* TASK OBJECTIVE *
When you copy from the entries that follow, take only the lines from the one with "Rare 1889 North" down to the one with "2016 Panini Prizm", keeping both ends and dropping every picture.

* GIVEN DATA *
● ● ●

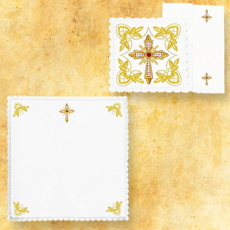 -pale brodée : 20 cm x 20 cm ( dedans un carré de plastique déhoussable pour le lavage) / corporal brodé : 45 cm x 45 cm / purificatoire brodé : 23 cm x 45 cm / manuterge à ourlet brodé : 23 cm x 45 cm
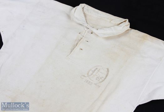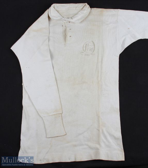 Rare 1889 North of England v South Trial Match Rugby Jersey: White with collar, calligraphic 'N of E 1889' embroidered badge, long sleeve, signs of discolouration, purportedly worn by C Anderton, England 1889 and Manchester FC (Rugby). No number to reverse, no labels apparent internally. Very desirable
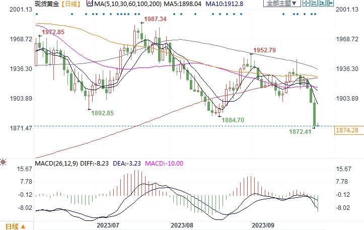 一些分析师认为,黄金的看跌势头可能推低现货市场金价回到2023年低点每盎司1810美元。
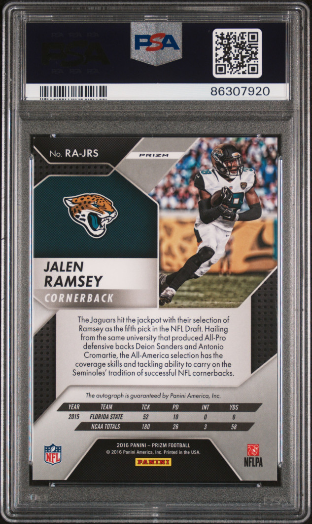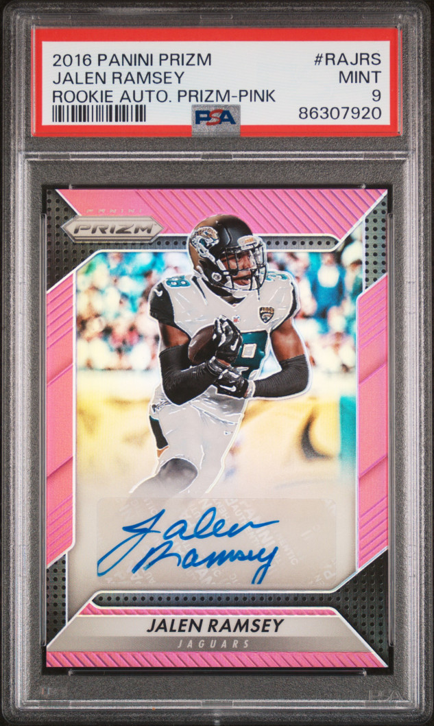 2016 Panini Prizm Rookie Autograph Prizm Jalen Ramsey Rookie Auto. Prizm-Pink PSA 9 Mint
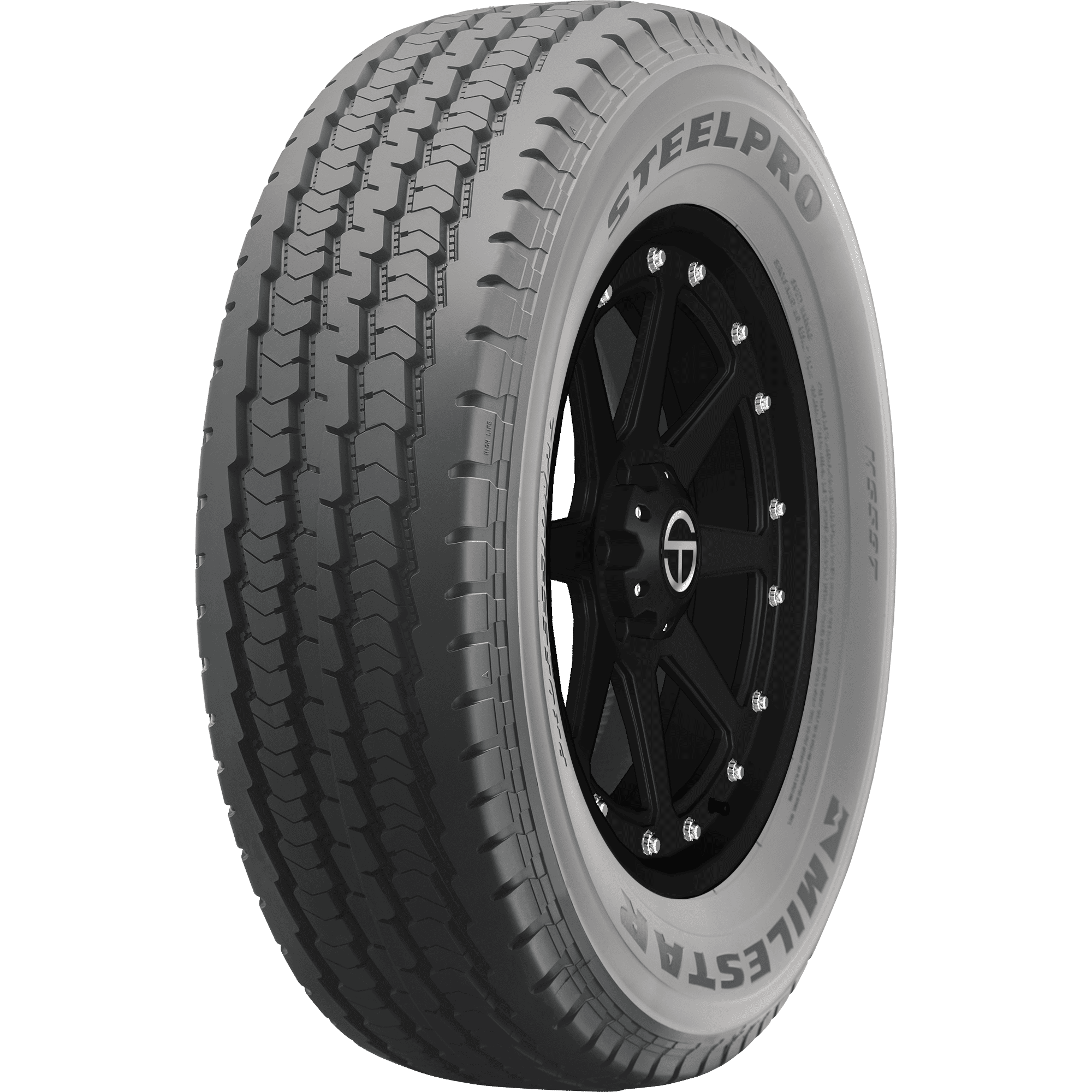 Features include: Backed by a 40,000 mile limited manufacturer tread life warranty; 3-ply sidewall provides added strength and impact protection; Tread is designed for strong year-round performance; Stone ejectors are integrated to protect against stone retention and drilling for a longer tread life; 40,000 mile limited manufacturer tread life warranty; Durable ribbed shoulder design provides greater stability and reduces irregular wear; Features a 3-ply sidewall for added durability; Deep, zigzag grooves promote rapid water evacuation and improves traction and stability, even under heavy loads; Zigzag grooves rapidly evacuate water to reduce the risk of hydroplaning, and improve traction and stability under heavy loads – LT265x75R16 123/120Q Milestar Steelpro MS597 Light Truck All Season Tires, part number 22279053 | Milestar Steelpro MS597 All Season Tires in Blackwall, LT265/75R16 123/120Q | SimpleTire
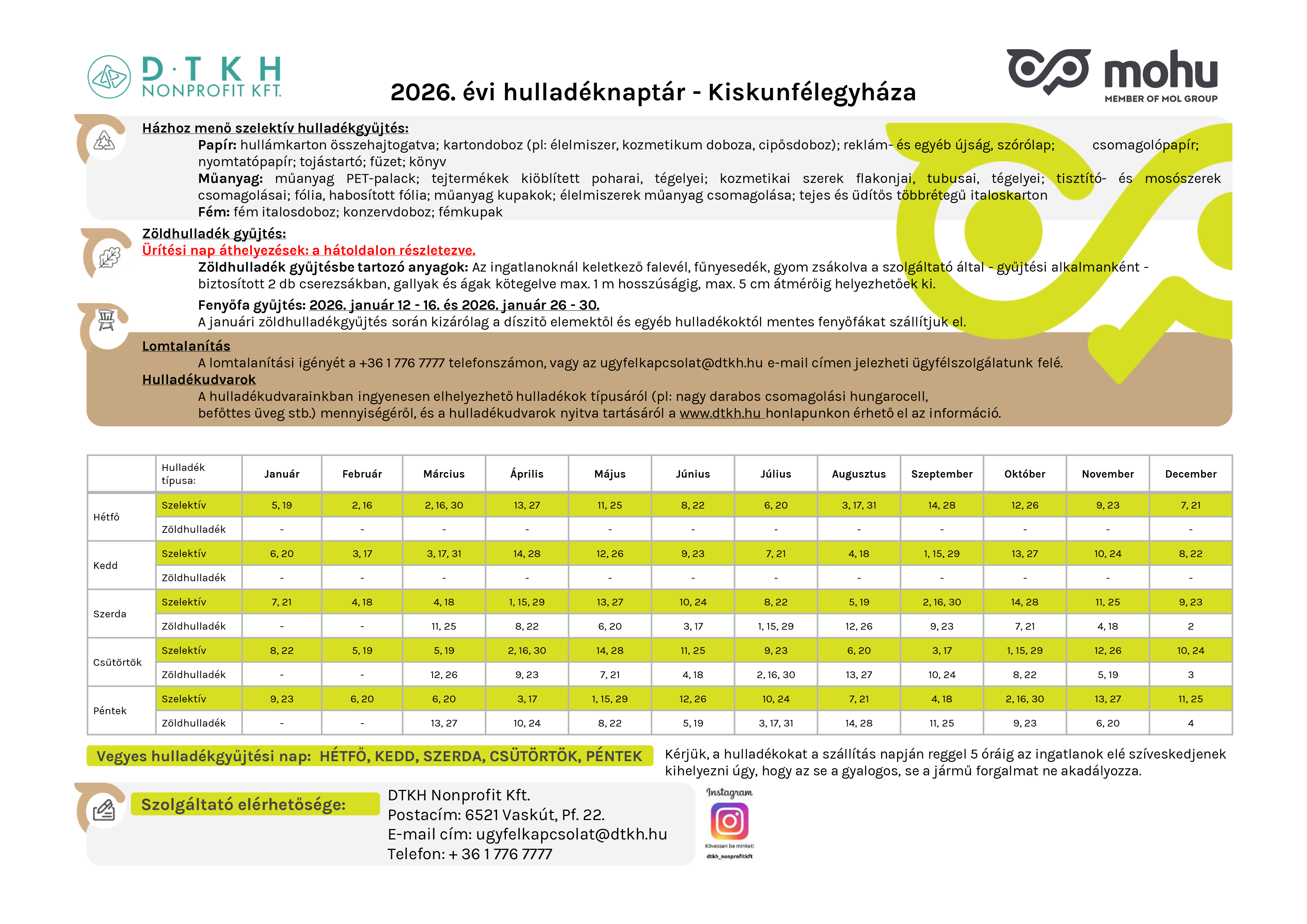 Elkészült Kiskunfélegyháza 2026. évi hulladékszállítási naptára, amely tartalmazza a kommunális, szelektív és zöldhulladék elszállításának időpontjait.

● ● ●

* REPLY *
 Rare 1889 North of England v South Trial Match Rugby Jersey: White with collar, calligraphic 'N of E 1889' embroidered badge, long sleeve, signs of discolouration, purportedly worn by C Anderton, England 1889 and Manchester FC (Rugby). No number to reverse, no labels apparent internally. Very desirable
 一些分析师认为,黄金的看跌势头可能推低现货市场金价回到2023年低点每盎司1810美元。
 2016 Panini Prizm Rookie Autograph Prizm Jalen Ramsey Rookie Auto. Prizm-Pink PSA 9 Mint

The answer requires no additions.